HELD: NO. There was a misjoinder of causes of action. The action for partition could not be joined with action for the rescission of the said donation inter vivos in favor of Florante. Lest it be overlooked, an action for partition is a special civil action governed by Rule 69 of the Rules of Court while an action for rescission is an ordinary civil action governed by the ordinary rules of civil procedure. The variance in the procedure in the special civil action of partition and in the ordinary civil action precludes their joinder in one complaint or their being tried in a single proceeding to avoid confusion in determining what rules shall govern the conduct of the proceedings as well as in the determination of the presence of requisite elements of each particular cause of action.

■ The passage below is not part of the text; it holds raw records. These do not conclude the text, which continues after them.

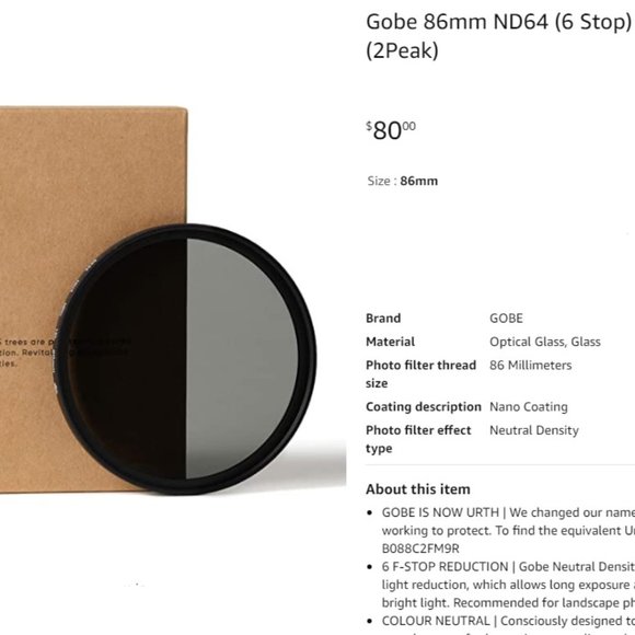 Gobe 86mm ND64 (6 Stop) ND Lens Filter (2Peak)
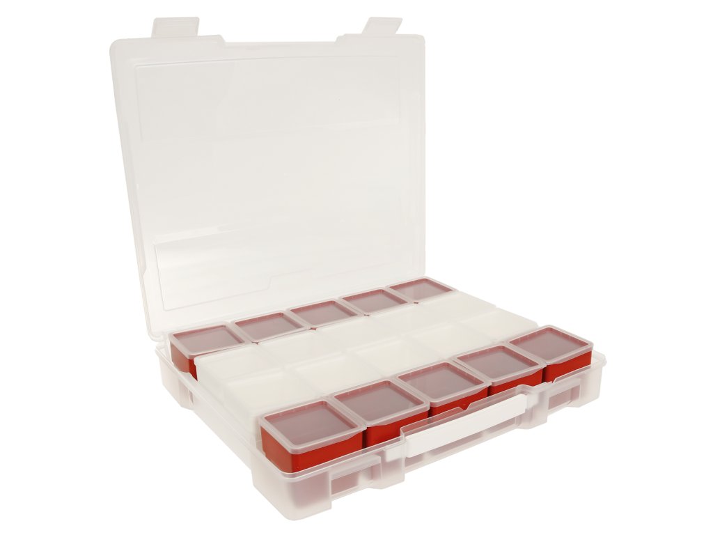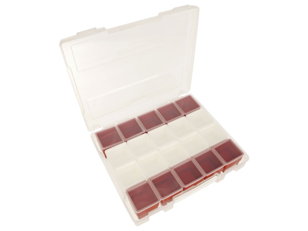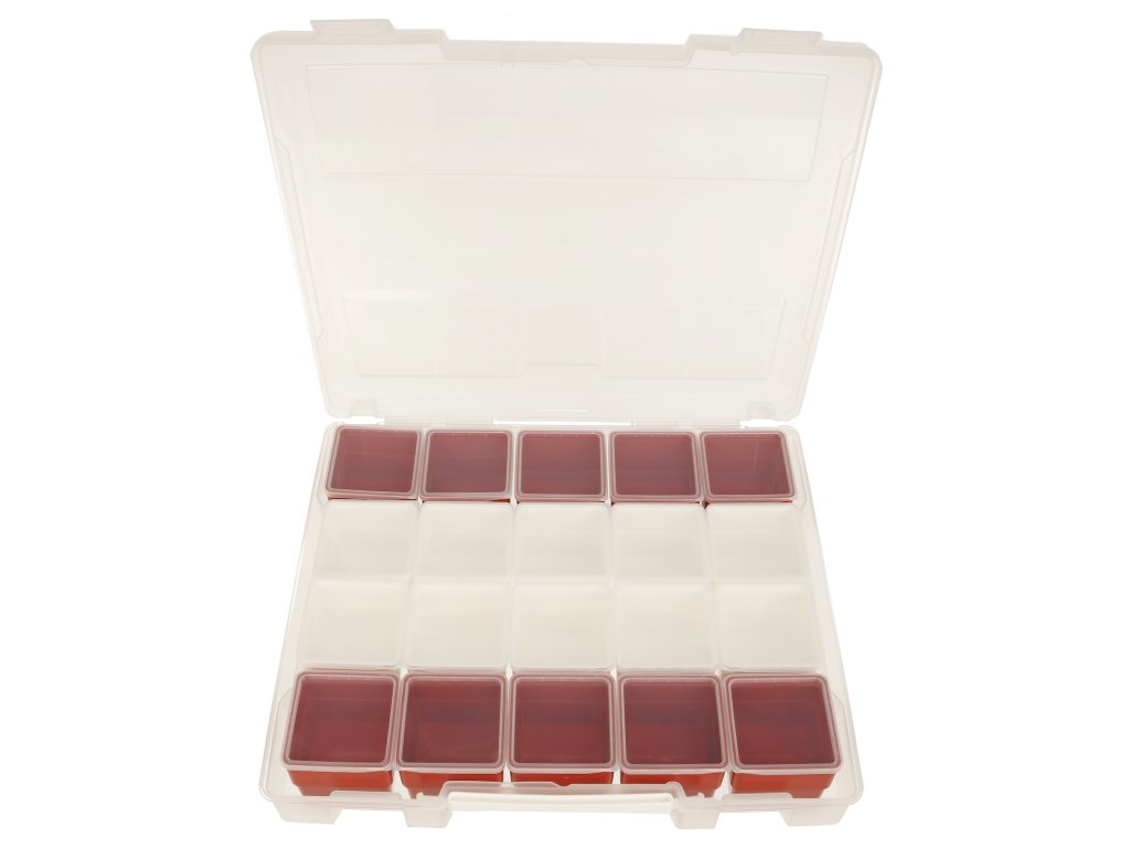 Depozitare mobilă a elementelor de fixare și a altor piese mici cu 20 de carcase pătrate separate. Potrivit pentru articole de artă și meșteșuguri, bijuterii, chei sau alte obiecte mici. Fiecare cutie de 74 x 74 x 64 mm are propriul capac pentru a preveni amestecarea conținutului. Dimensiuni totale (l)404 x (d)349 x (h)73 mm.
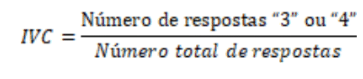 O IVC tem como objetivo medir em proporção a concordância entre os juízes acerca dos itens de um instrumento, com também do instrumento como um todo (Alexandre & Coluci, 2011). O calculado se deu por meio da soma e concordância dos itens assinalados "3" ou "4" pelos juízes. Para calcular o escore de cada item individualmente foi utilizada a fórmula que pode ser consultada logo abaixo.
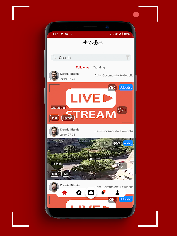 Discover popular live video streams from around the world or search for broadcasts by location or topic.
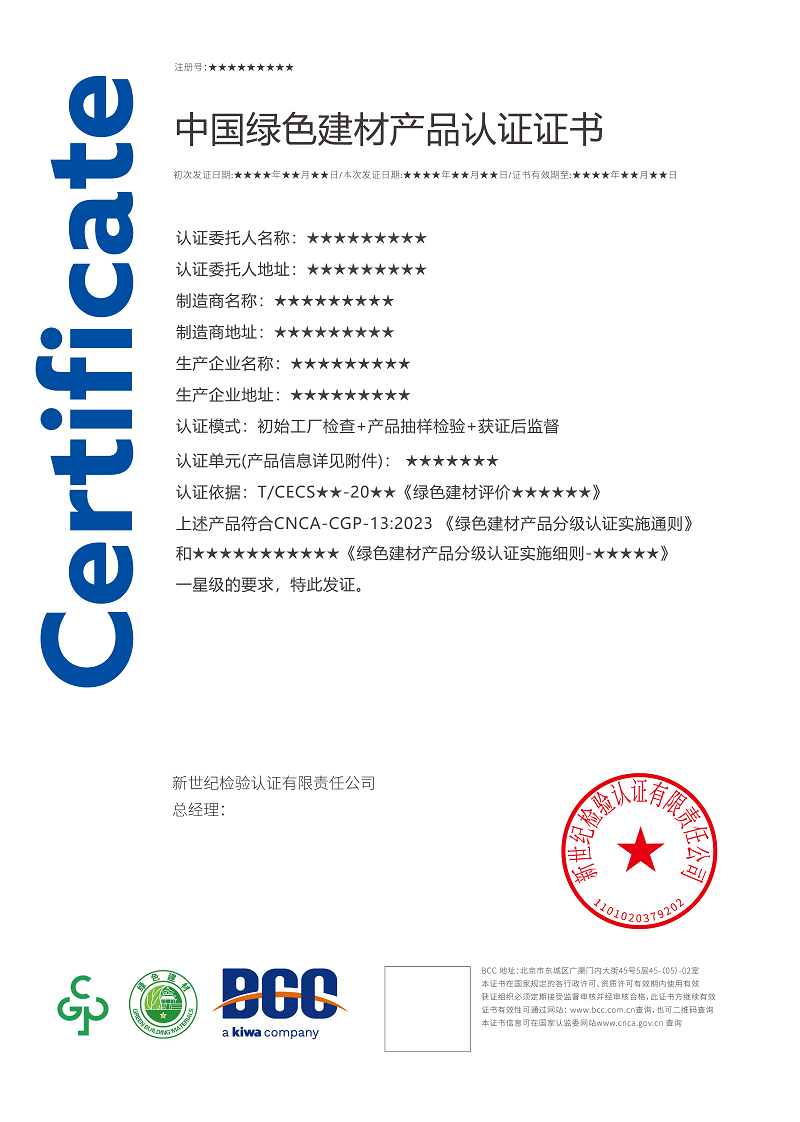 綠色建材產(chǎn)品分級(jí)認(rèn)證按照中國工程建設(shè)標(biāo)準(zhǔn)化協(xié)會(huì)發(fā)布的《綠色建材評(píng)價(jià)標(biāo)準(zhǔn)的要求》,將認(rèn)證結(jié)果由低至高分為一星級(jí)、二星級(jí)和三星級(jí)。
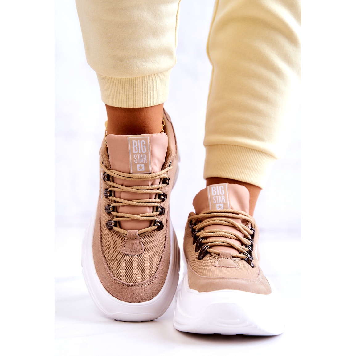 Apresentamos os exclusivos tênis esportivos femininos Big Star JJ274A222 em uma elegante cor bege. Estes sapatos elegantes da marca polaca BIG STAR são uma combinação perfeita de design moderno e funcionalidade.

Nevertheless, misjoinder of causes of action is not a ground for dismissal.
A misjoined cause of action, if not severed upon motion of a party or by the Court sua sponte, may be adjudicated by the court together with the other cause of action.
RULE 3 - PARTIES TO CIVIL ACTIONS
SECTION 16 - DEATH OF A PARTY, DUTY OF COUNSEL
CAPITOLINA NAPERE vs. AMANDO BARBARONA
543 SCRA 376, G.R. No. 160426, January 31, 2008
FACTS: Amando filed a complaint for recovery possession, quieting of title and damages against Spouses Juan and Capitolina.
During the pendency of the case, Juan died, and their counsel informed the Court of Juan’s death and submitted the names and addresses of Juan’s heirs.
The trial court failed to order the substitution of the heirs. Despite this oversight, the proceedings were conducted and the judgment was rendered by the trial court.
ISSUE: Whether the trial court did not acquire jurisdiction over the persons of the heirs for its failure to order their substitution.
HELD: NO. Formal substitution by heirs is not necessary when they themselves voluntarily appear. It is a fact that Capitolina is a co-defendant of the deceased and actively participated in the case. The records show that the counsel of Juan and Capitolina continued to represent them even after Juan’s death.
The rule on substitution by heirs is not a matter of jurisdiction, but a requirement of due process. It was designed to ensure that the deceased party would continue to be properly represented in the suit through his heirs or the duly appointed legal representative of his estate. Moreover, non-compliance with the Rules results in the denial of the right to due process for the heirs who, though not duly notified of the proceedings, would be substantially affected by the decision rendered therein.
It is only when there is a denial of due process, as when the deceased is not represented by any legal representatives, or heirs, that the court nullifies the trial proceedings and the resulting judgment therein.
464 SCRA 576, G.R. No. 162788, July 28, 2005
FACTS: Pedro filed a complaint for recovery of possession and ownership, cancellation of title and damages against Spouses Julita and Felipe dela Cruz.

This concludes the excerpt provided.